[Excerpted data]:
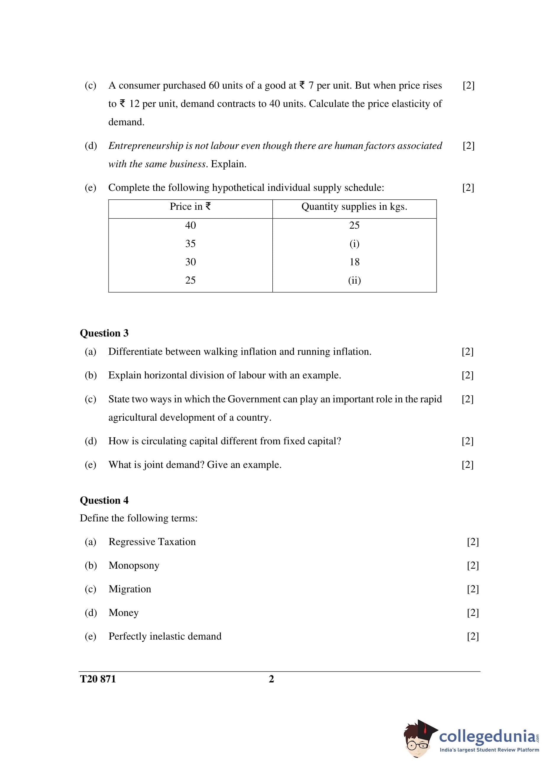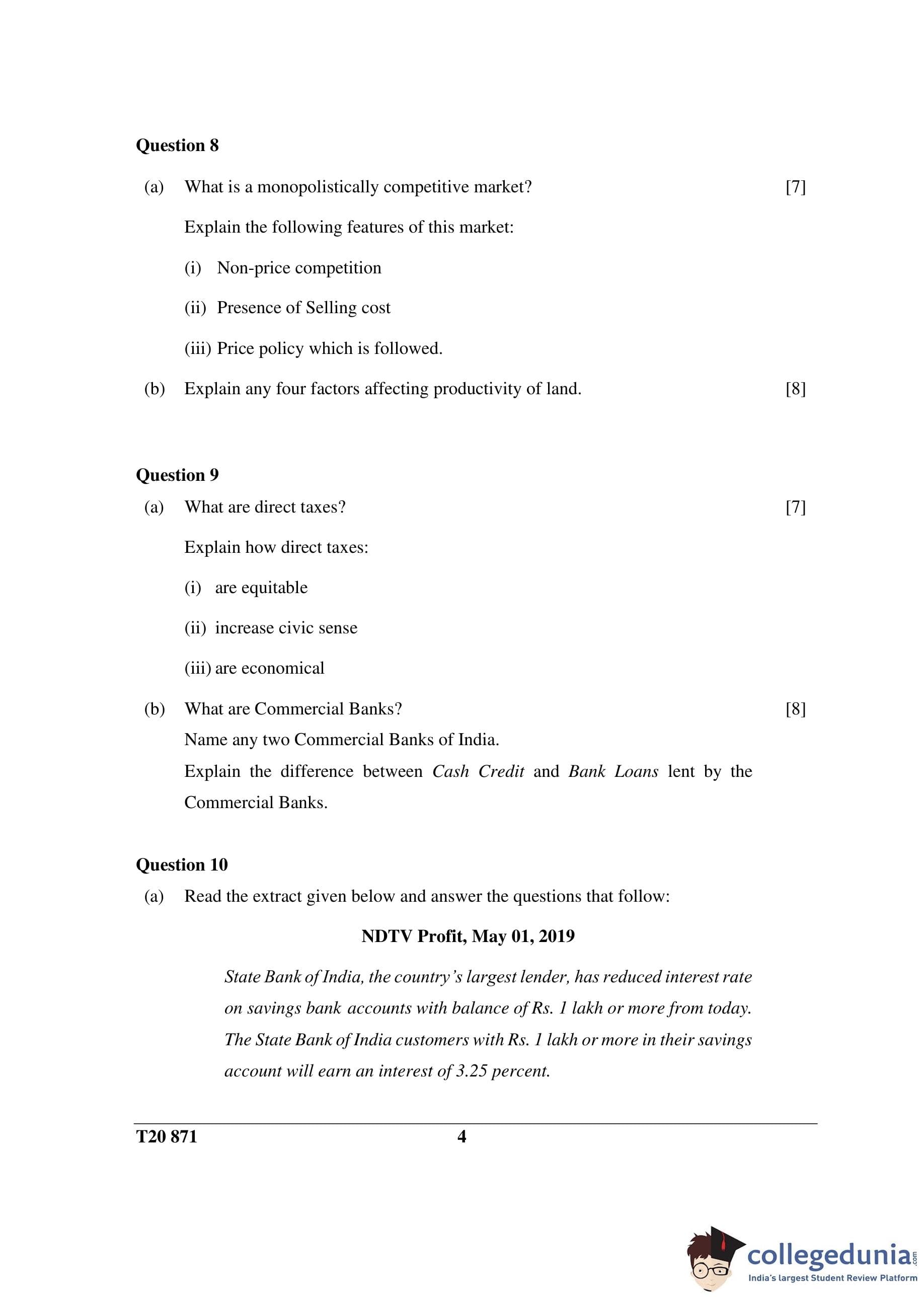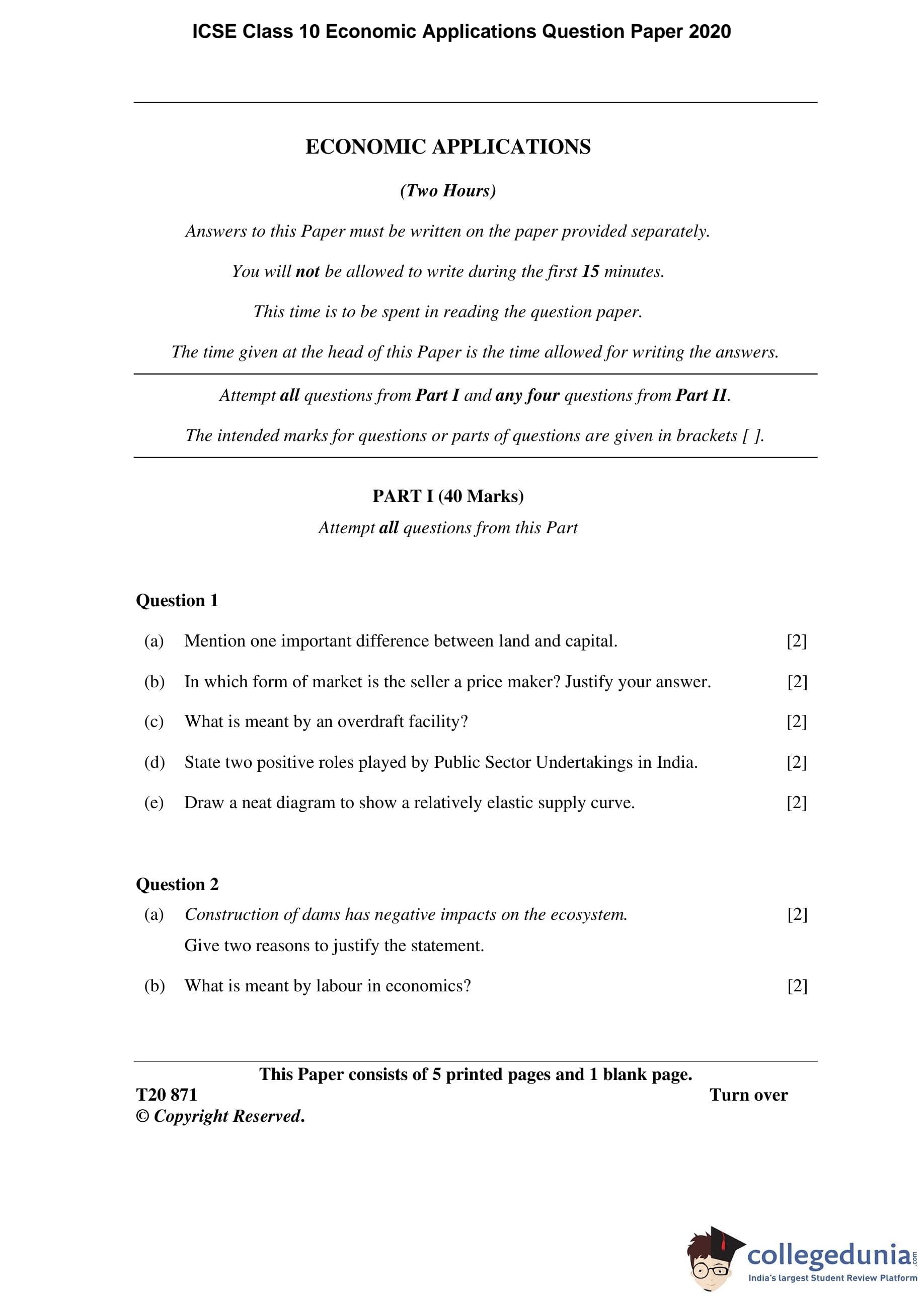 ICSE Class 10 Economic Applications Question Paper 2020 with Answer Key
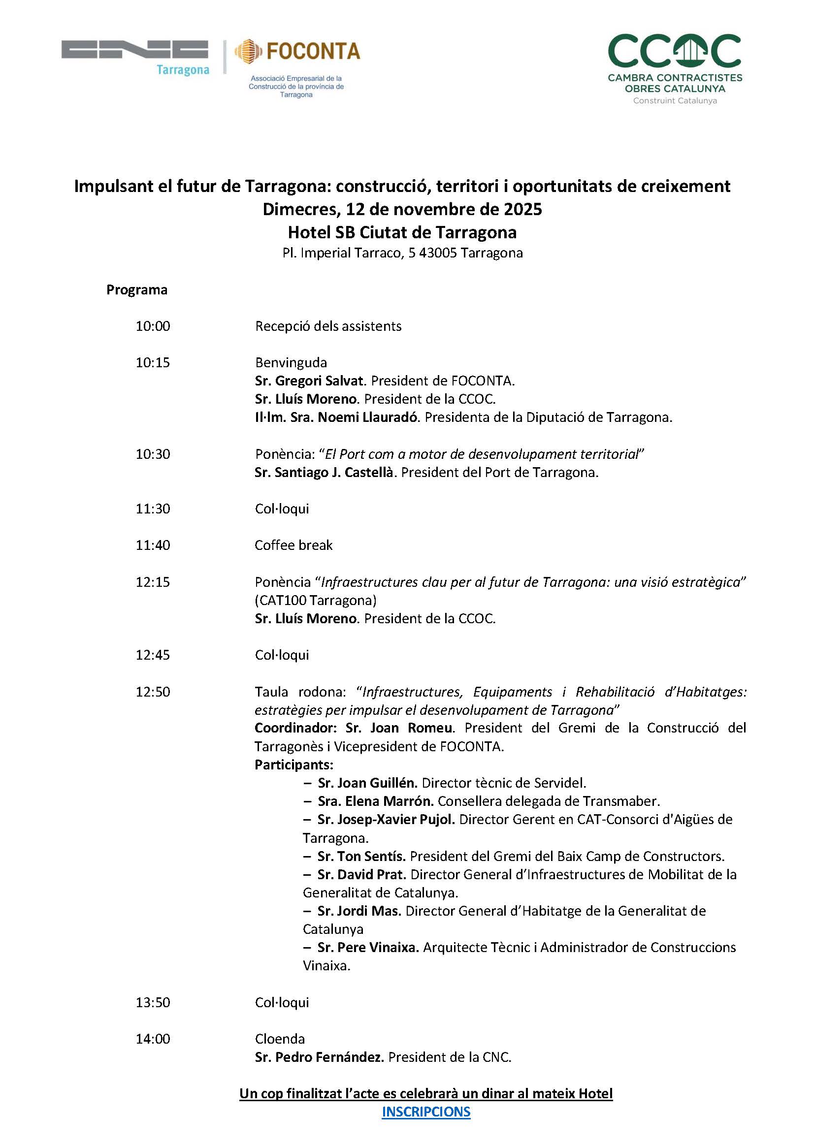 La Cambra de Contractistes d'Obres de Catalunya (CCOC), una convocatòria de premsa per al dimecres, 12 de novembre a l'hotel SB Ciutat de Tarragona (pl. Imperial Tarraco, 5)
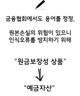 장기적으로 원본손실의 위험이 있으니 인식오류를 방지코자 원금보장성 상품에서 예금자산으로 바꾸자는 말이죠.
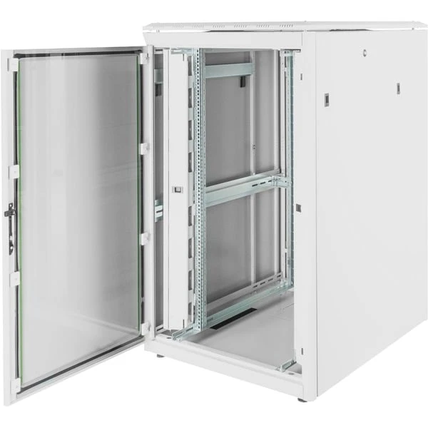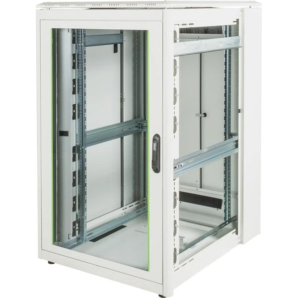 Die Netzwerkschrank Unique Serie wurde für Verkabelung und Netzwerkkomponenten entwickelt und produziert. Verschiedenste Optimierungen führen zu einer optimalen Leistung in Qualität und Mehrwert. Die Schränke sind benutzerfreundlich konzipiert und ästhetisch im Aussehen. Die Fronttür besteht aus einem kompletten Metallrahmen mit Sicherheitsglas. Der Türanschlagswechsel kann wahlweise von links auf rechts geändert werden. Der abschließbare Schwenkhebelgriff ist vorbereitet für die Aufnahme von Profilhalbzylindern (Adapter liegt bei). Alle Seitenteile sind abschließbar und können leicht abgenommen werden. Jeder Schrank beinhaltet galvanisierte 483 mm (19“)-Profilschienen, montiert vorne und hinten im Schrankinneren. Sie sind tiefenverstellbar und besitzen eine Markierung der jeweiligen Höheneinheit. Die vertikalen Kabelführungskanäle sind neben den vorderen Profilschienen verbaut (bei Schränken ab 800 mm Breite). Sie bieten eine einfache Führung von Patch- und Installationskabeln. Das Dach ist vorbereitet zur Aufnahme einer Lüftereinheit. Die komplett montierten 483 mm (19“)-Schränke sind in verschiedenen Höheneinheiten von 22HE bis zu 47HE und einer Breite von 600 oder 800 mm und einer Tiefe von 600, 800 oder 1000 mm erhältlich.Art.-Nr.: 1805707
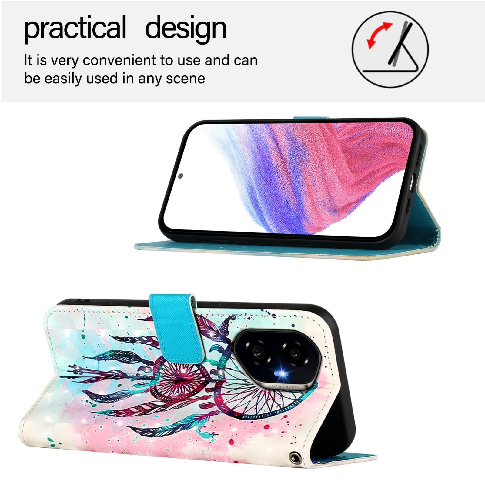 Honor 300 Leather Flip Phone Case with 3D Painted Design, Card Holder, Wallet & Stand Function - Durable Protection & Easy Access
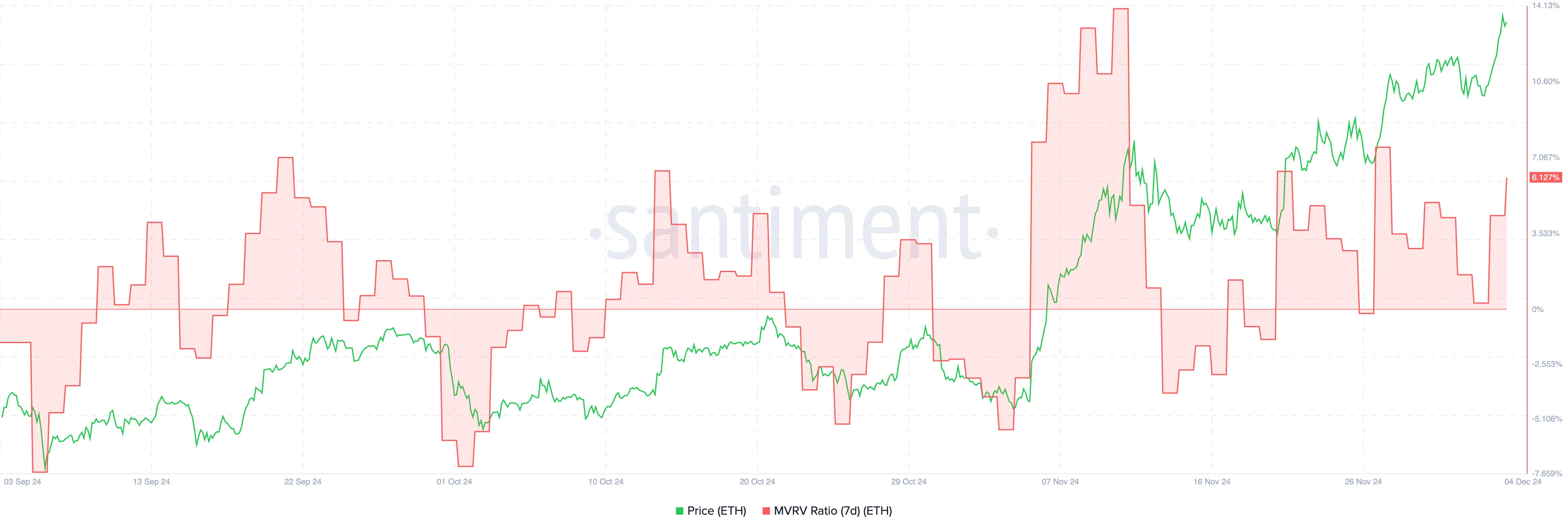7天MVRV已攀升至6.1%,较两天前的0.28%大幅上升。这一显著增长反映出短期持有者未实现利润的增加,表明市场乐观情绪高涨。历史数据显示,当ETH的7天MVRV接近这一水平时,往往会出现回调。
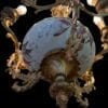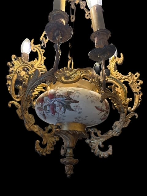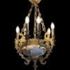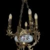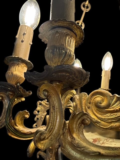 Lampadario in bronzo dorato a sei luci con parte centrale in ceramica dipinta.
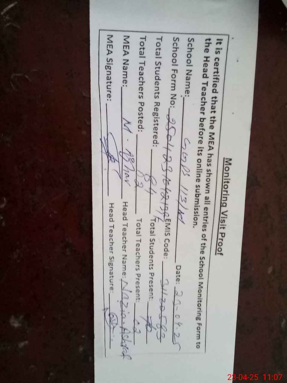 | Attendance Register | Head Teacher | MEA with School | Visit Proof |
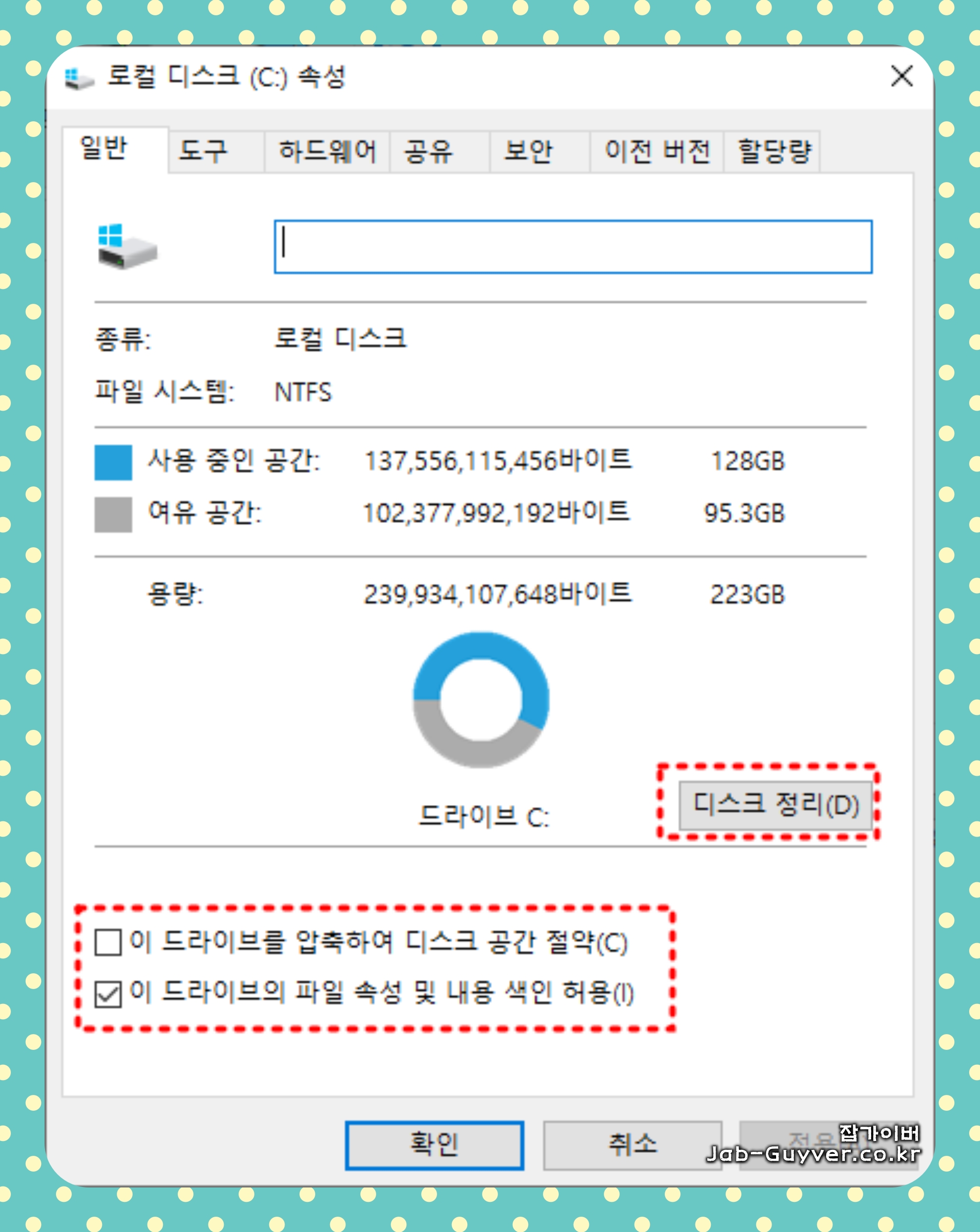 디스크 정리를 실행하는 방법은 다음과 같습니다:
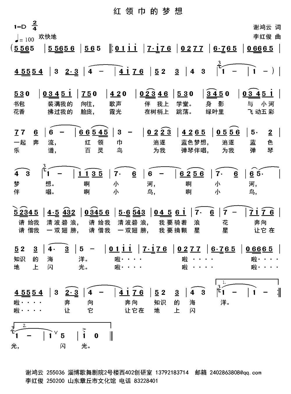 - [歌谱] 红领巾的梦
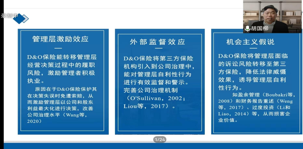 5月13日晚,學(xué)院全體研究生通過云端聆聽了由浙江工商大學(xué)會計(jì)學(xué)院院長胡國柳教授帶來的主題為“董事高管責(zé)任保險(xiǎn):理論研究與中國實(shí)踐”的精彩的學(xué)術(shù)報(bào)告。胡國柳教授為財(cái)政部“會計(jì)名家培養(yǎng)工程”入選者,“百千萬人才工程”國家級人選、國家“有突出貢獻(xiàn)中青年專家”、享受“國務(wù)院政府殊津貼”專家、教育部“新世紀(jì)優(yōu)秀人才支持計(jì)劃”入選者、“寶鋼優(yōu)秀教師獎(jiǎng)”獲得者。擔(dān)任教育部高等學(xué)校工商管理類專業(yè)教學(xué)指導(dǎo)委員會會計(jì)學(xué)專業(yè)教學(xué)指導(dǎo)分委員會委員、中國會計(jì)學(xué)會財(cái)務(wù)管理專業(yè)委員會會員。

[Instructions for the task]: Only the lines from the beginning of the records up to and including the line with "장기적으로 원본손실의 위험이" should appear, exactly as they are, and no pictures.

[Solution to this task]:
 ICSE Class 10 Economic Applications Question Paper 2020 with Answer Key
 La Cambra de Contractistes d'Obres de Catalunya (CCOC), una convocatòria de premsa per al dimecres, 12 de novembre a l'hotel SB Ciutat de Tarragona (pl. Imperial Tarraco, 5)
 장기적으로 원본손실의 위험이 있으니 인식오류를 방지코자 원금보장성 상품에서 예금자산으로 바꾸자는 말이죠.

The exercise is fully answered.